Your task: Note each line in the data holding the string "Customer" and report it.

-*-

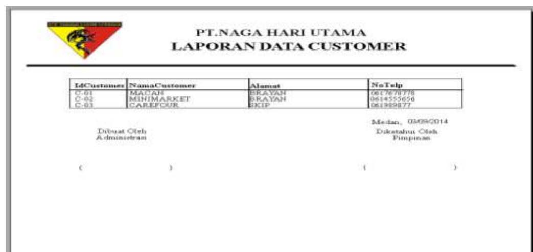
Gambar IV.11. Tampilan Laporan Customer

Adapun hasil tampilan laporan Data Customer yang penulis buat dapat dilihat pada gambar IV.11. sebagai berikut :
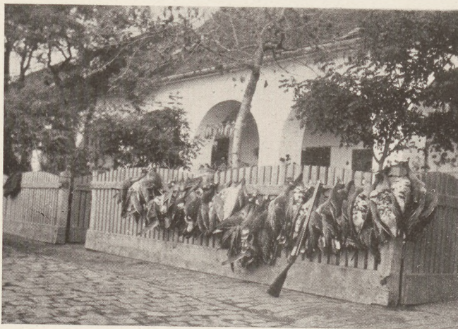
Csendélet a hortobágyi csárda előtt.
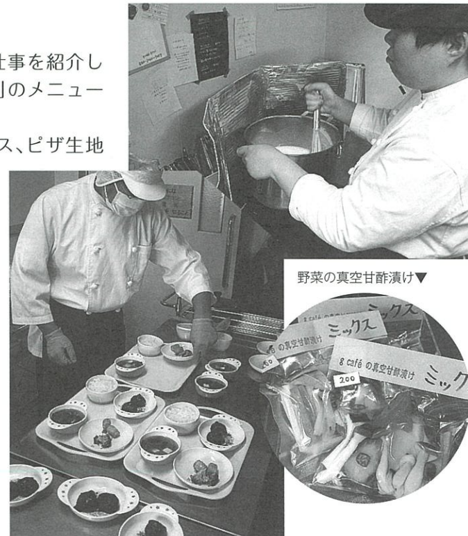
野菜の真空甘酢漬け▼

最近では、カフェで販売するパンを仕上げ焼き、袋詰めをする仕事や、新商品の試作なども仕事に加わりました。こうして、できることが増え、「藤東ジョブズ」の皆さんはカフェに無くてはならない存在になっています。
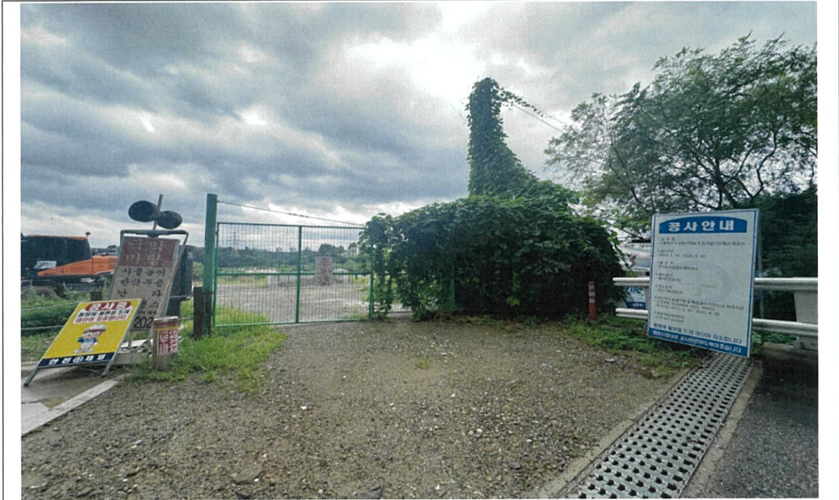
<사진1> 현재 현장 전경 사진
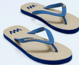
WAVES KAHAWA TAILLE 5 À 11
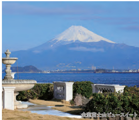
全室富士山ビュースイートルーム
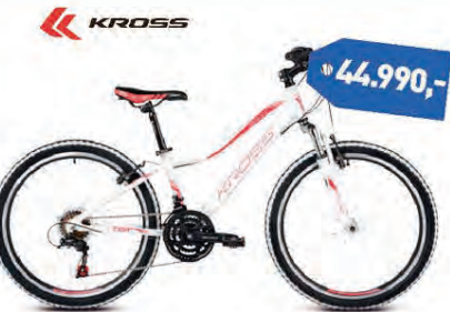
KROSS LEA REPILICA 24"

-*-

Finished exercise:
Gambar IV.11. Tampilan Laporan Customer
Adapun hasil tampilan laporan Data Customer yang penulis buat dapat dilihat pada gambar IV.11. sebagai berikut :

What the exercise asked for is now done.